What to do
Whatever pictures appear, omit them, and repeat the data below exactly.

Source material
◆ ◆ ◆ ◆ ◆ ◆ ◆
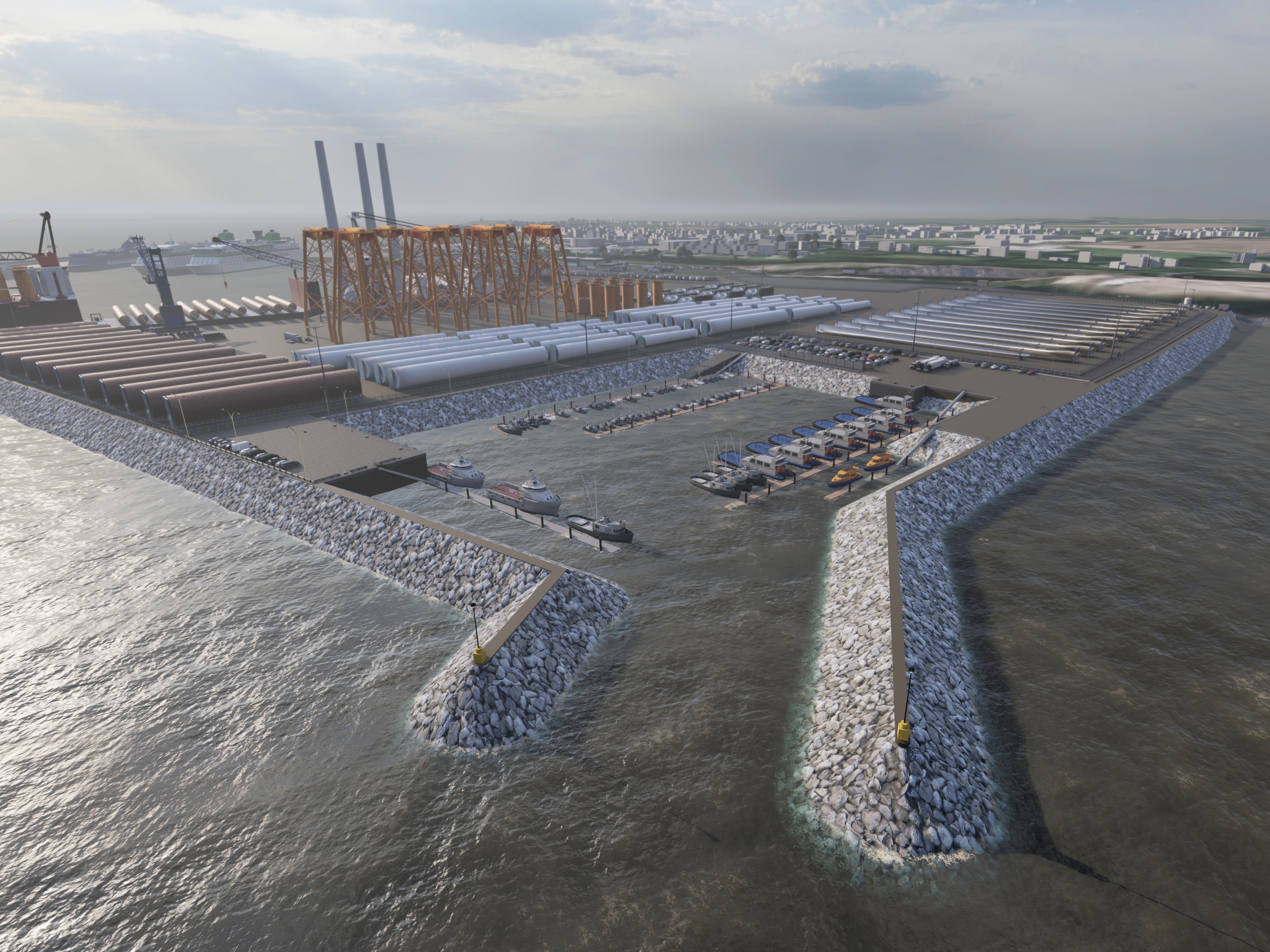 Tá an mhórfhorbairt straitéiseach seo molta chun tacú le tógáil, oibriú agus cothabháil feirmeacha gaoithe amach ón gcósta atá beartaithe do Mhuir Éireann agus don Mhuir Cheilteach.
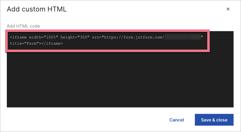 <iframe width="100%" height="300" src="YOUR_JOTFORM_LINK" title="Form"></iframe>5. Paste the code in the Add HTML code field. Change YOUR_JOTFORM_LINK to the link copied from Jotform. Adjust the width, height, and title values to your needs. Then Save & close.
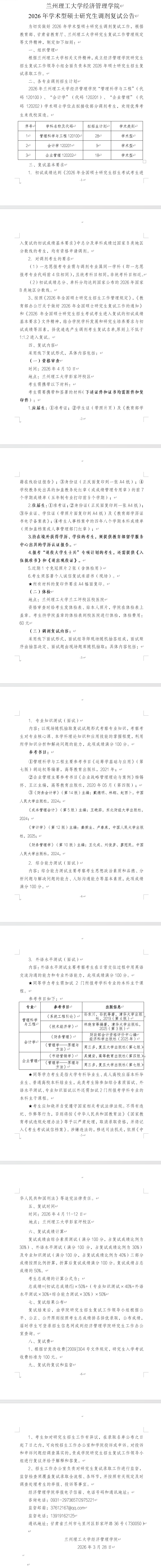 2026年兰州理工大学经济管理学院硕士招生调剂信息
◆ ◆ ◆ ◆ ◆ ◆ ◆
Solution to this exercise
 Tá an mhórfhorbairt straitéiseach seo molta chun tacú le tógáil, oibriú agus cothabháil feirmeacha gaoithe amach ón gcósta atá beartaithe do Mhuir Éireann agus don Mhuir Cheilteach.
 <iframe width="100%" height="300" src="YOUR_JOTFORM_LINK" title="Form"></iframe>5. Paste the code in the Add HTML code field. Change YOUR_JOTFORM_LINK to the link copied from Jotform. Adjust the width, height, and title values to your needs. Then Save & close.
 2026年兰州理工大学经济管理学院硕士招生调剂信息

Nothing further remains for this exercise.